Problem to work on =>
Reproduce the lines below exactly. Skip images.

Available data =>
>>>

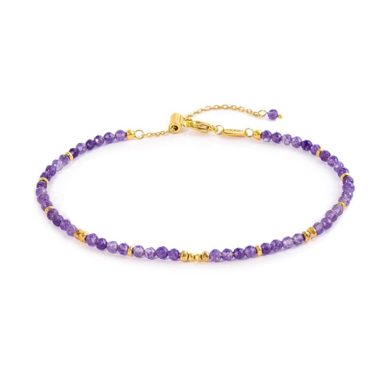 Cavigliera donna marlù, 20CV085G-P, collezione cavigliere, in acciaio dorato con agata alternata ad elementi sfaccettati in ematite in due misure.
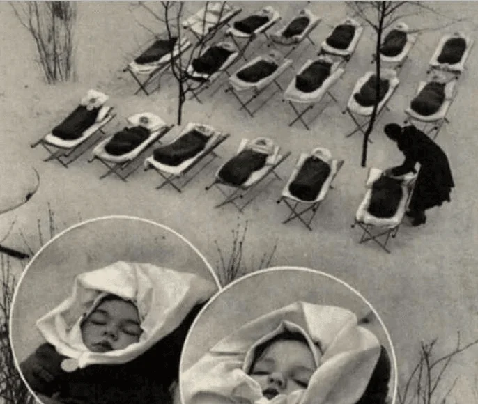 Vaikai miegodavo gryname ore. Lopšeliuose būdavo maniežų, vaikštynių.
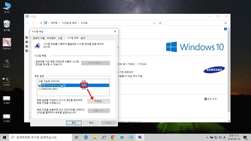 윈도우10 복원 지점 만들기

<<<

Answer box =>
 Cavigliera donna marlù, 20CV085G-P, collezione cavigliere, in acciaio dorato con agata alternata ad elementi sfaccettati in ematite in due misure.
 Vaikai miegodavo gryname ore. Lopšeliuose būdavo maniežų, vaikštynių.
 윈도우10 복원 지점 만들기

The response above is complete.